Question about activation checkpoint with FSDP

111146 · February 28, 2023, 3:31am

I found that PyTorch’s FSDP has its own wrapping function (apply_activation_checkpointing_wrapper) for the activation checkpoint.

github.com

pytorch/workshops/blob/master/FSDP_Workshop/activation_checkpointing/ac_handler.py

import torch
import os
import torch.distributed as dist
from torch.distributed.algorithms._checkpoint.checkpoint_wrapper import (
    checkpoint_wrapper,
    CheckpointImpl,
    apply_activation_checkpointing_wrapper,
)

from transformers.models.t5.modeling_t5 import T5Block

from functools import partial

non_reentrant_wrapper = partial(
    checkpoint_wrapper,
    offload_to_cpu=False,
    checkpoint_impl=CheckpointImpl.NO_REENTRANT,
)

check_fn = lambda submodule: isinstance(submodule, T5Block)

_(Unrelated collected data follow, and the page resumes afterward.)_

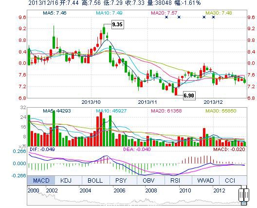 | 今 開: | 7.44 | 成交量: | 3.80萬手 | 振 幅: | 3.62% |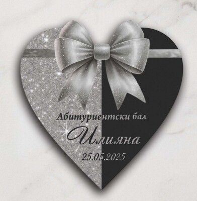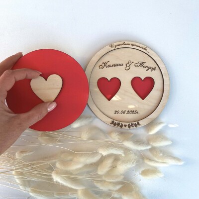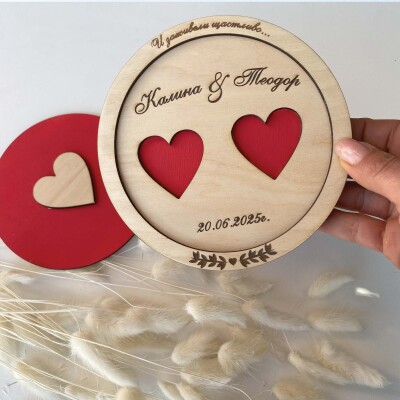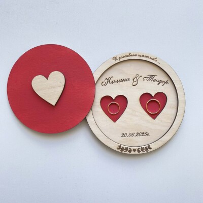 Дървена кутия за сватбени пръстени с персонализация - Сърце
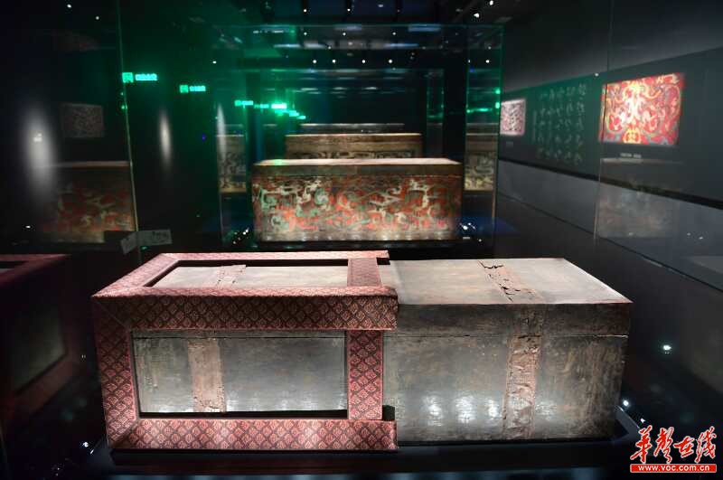 在新馆三楼的“长沙马王堆汉墓陈列”,走至一个空旷的地方,中间一个“坑”引起了众人的注意。突然间,流动繁复的神怪图案,在坑内四周闪动,配以庄重肃穆的音乐,整个“气场”让在场的观众无不震撼。现场的工作人员介绍,这是新馆首次以1:1的比例复原了辛追墓。近17米深的“墓坑”从三楼一直深入底层,四周“墓壁”上还动态呈现辛追的黑漆素棺、黑地彩绘漆棺、朱地彩绘漆棺、锦饰漆棺等四层棺木“如何一层层套上去”。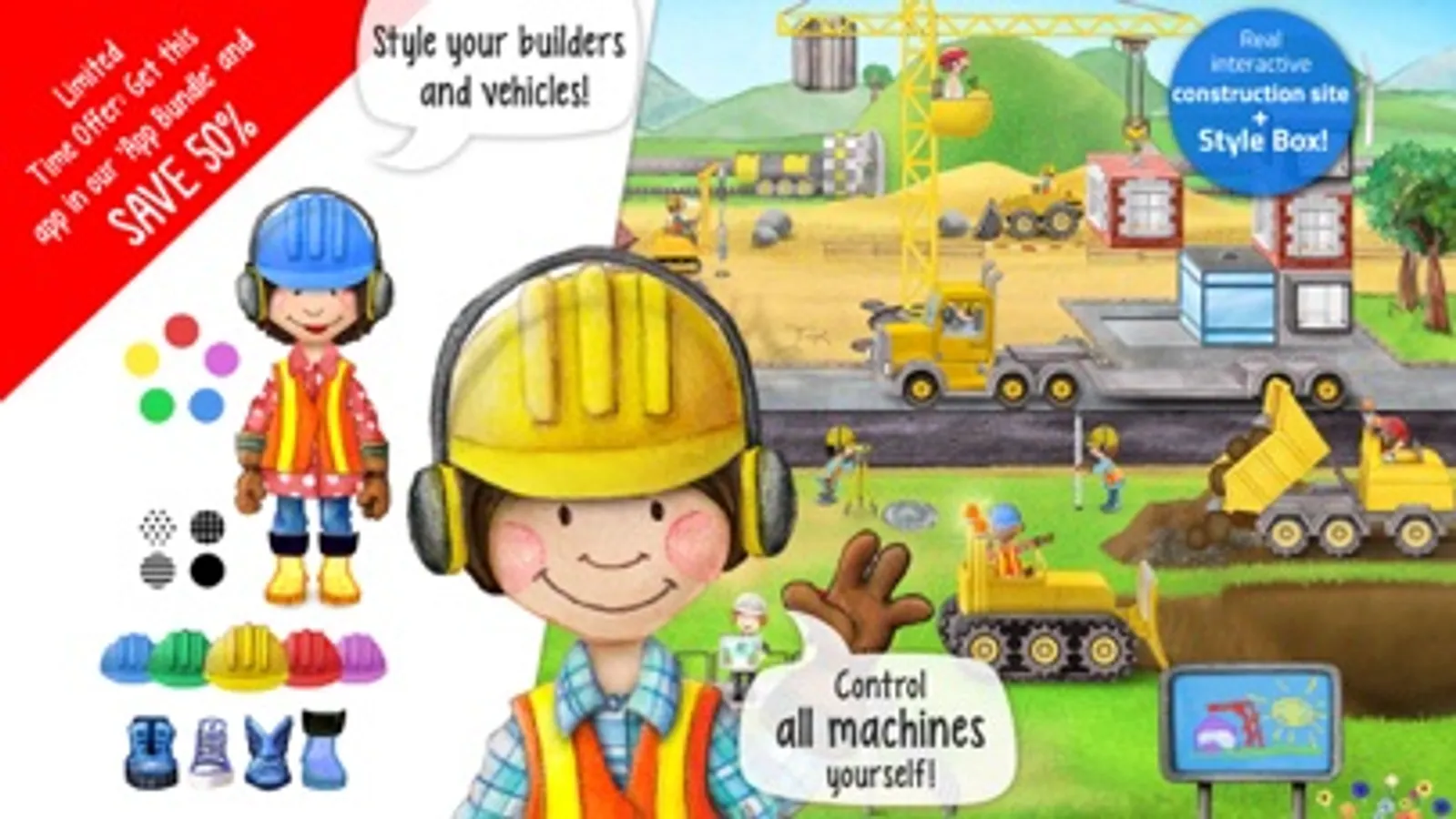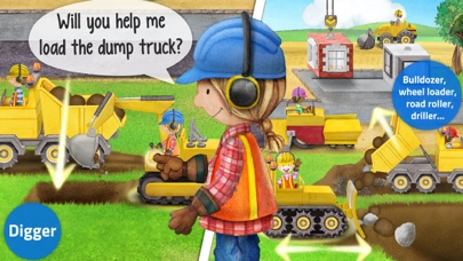 You love construction sites and equipment? On our construction site, you can operate the crane, the digger, the bulldozer, the wheel loader, the tunnel drill and many other machines yourself and control them with your finger. And best of all: you can customize the look of the little builders individually.

This file has been truncated. show original

I want to know the difference between apply_activation_checkpointing_wrapper and gradient_checkpointing_enable.
When I want to apply activation checkpointing with PyTorch’s FSDP, should I apply the function instead of gradient_checkpointing_enable provided by Huggingface models such as GPT2?

agu · March 7, 2023, 10:48pm

I think that gradient_checkpointing_enable() is HuggingFace’s own built-in method that works because HuggingFace models have manual activation checkpointing calls in the model source code that can be enabled/disabled.

apply_activation_checkpointing_wrapper() can work for general models (not just HuggingFace) since the user must pass the criteria for checkpointing. If you are using a HuggingFace model, you can try using the HuggingFace gradient_checkpointing_enable() since those checkpoints have been hand-picked. Though, I am not familiar with the compatibility with FSDP.